# Introduction The goal of this track is to study and evaluate the performance of 3D object retrieval algorithms using RGB-D data. This is inspired from the practical need to pair an object acquired from a consumer-grade depth camera to 3D CAD models available in public datasets on the Internet. Such pairing could be used for applications such as semantic annotation, shape completion, and scene synthesis.
# News **Mar 28, 2017**: The full track report document is available [here](./shrec17.pdf). **Feb 20, 2017**: [Evaluation results](evaluation/index.html) are now available. Thank you all for participating! **Feb 06, 2017**: An early version of the [evaluation code](https://github.com/scenenn/shrec17/tree/master/evaluation) is available. See the [submission format](#submission). **Jan 27, 2017**: Query and target dataset are ready! Please see the [full description](https://github.com/scenenn/shrec17). **Jan 16, 2017**: Welcome!
# Dataset The query dataset consists of more than 1500 objects extracted from more than 100 3D reconstructed real-world indoor scenes in the SceneNN dataset [[1]](#ref1). Each object will have: - a color mesh - a set of RGB-D images extracted from the scene that covers only the object - a mask of the object in each image - camera pose for each image Some example objects from our dataset are shown below:
The target dataset is a subset of ShapeNetSem [[2]](#ref2) that contains only models for indoor scenes. We adopt and modify the category definitions in NYU Depth Dataset V2 [[3]](#ref3) comprising more than 20 object classes such as table, chair, bookshelf, monitor, lamp, pillow, and so on. As there is not a standard way to measure the similarity of two shapes, especially for an RGB-D object and a CAD model pair, to establish the ground truth for evaluation, we will manually pair an RGB-D object in the query set to some CAD models in the target set. The classification done by human will be based on geometric and color similarity between the objects. Each ground truth pair will belong to a common object category and some subcategories. A subcategory considers more object attributes such as functionality or appearance.
# Evaluation For each query model, each participant submits a ranked list where retrieved models are sorted according to similarity with the query model. Each ranked list is evaluated based on the ground truth category and subcategories. We use the following measures: - Precision-Recall curve; F-Score; Mean Average Precision (MAP); - Normalized Discounted Cumulative Gain (NDCG); - Nearest Neighbor First-Tier (Tier1) and Second-Tier (Tier2). Evaluation code with example ranked lists is available [here](https://github.com/scenenn/shrec17/tree/master/evaluation).

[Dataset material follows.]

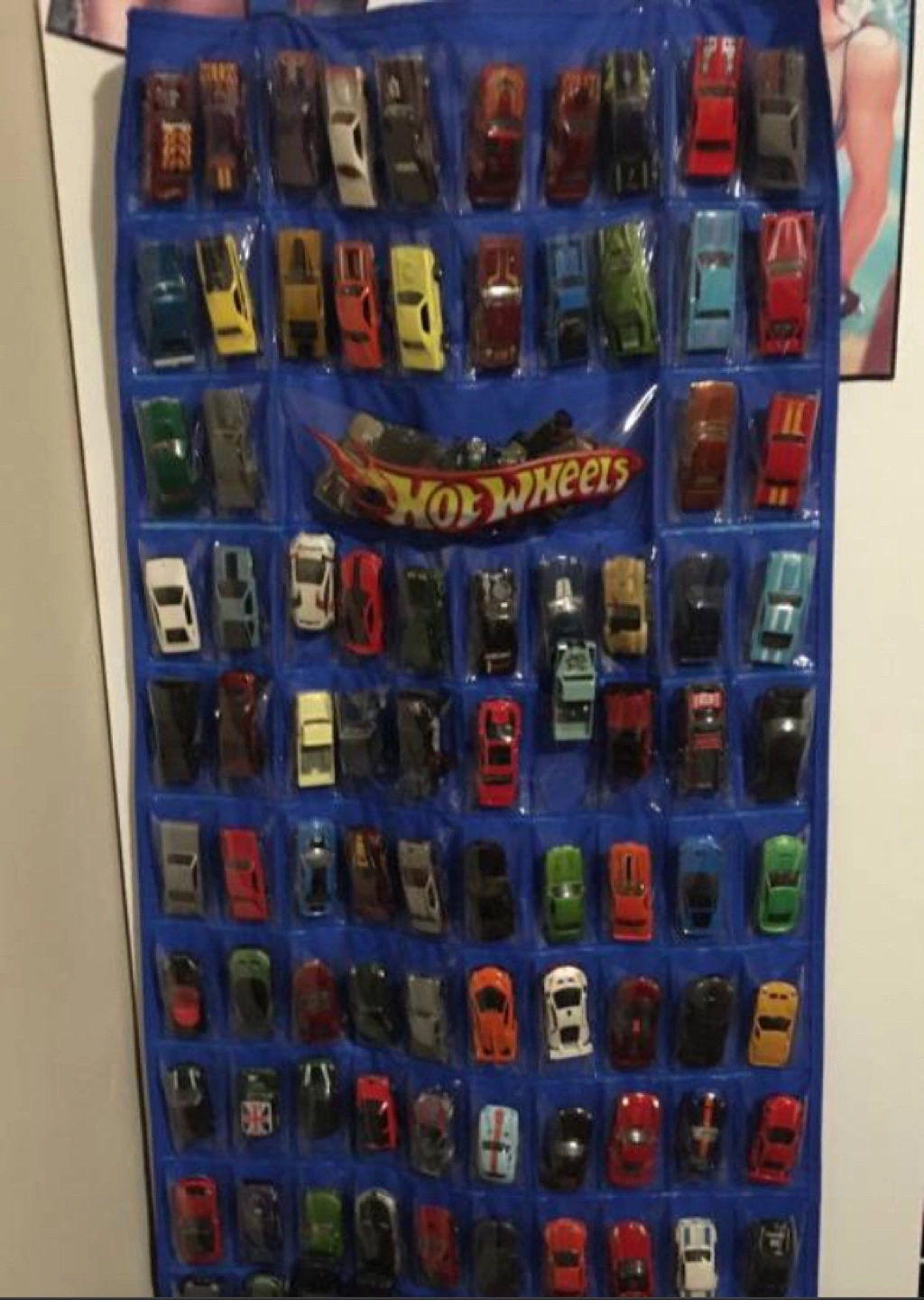 Large blue wall case filled with various Hot Wheels cars. Great for collectors or enthusiasts. Many different models and colours. 120 pcs. of 1:64 scale car models.

### Submission format By following the ShapeNet retrieval challenge, retrieval results for each query model should be saved to a simple text file. For example: File name: `snn.087_1845118.txt` (where `snn.087_1845118` is the query object ID) * Each line in the file has two values: `
` separated by a space character. The results are sorted with increasing distance (or decreasing similarity). The distance score is not used in evaluation, just for reference purposes. * The number of results per query model is capped at 1000. All result files should be packed into a zip file. To submit, please send a download link with an MD5 checksum of the zip file to the organizers at __scenenn[at]gmail.com__.
# Procedure 1. Each participant send an email to __scenenn[at]gmail.com__ for registration. 2. Each participant will submit a ranked list for each query model. For each query model, up to 5 ranked lists resulting from different algorithms or parameters can be submitted. 3. Each participant will also submit a one-page description of their method with up to two figures and discuss their results. 4. Automatic evaluations will be executed by the organizer. Results will be released to the participants. 5. The track results will be included in a joint paper to be submitted to the Eurographics Workshop on 3D Object Retrieval 2017. 6. If accepted, the joint paper will be presented at the Eurographics Workshop on 3D Object Retrieval 2017.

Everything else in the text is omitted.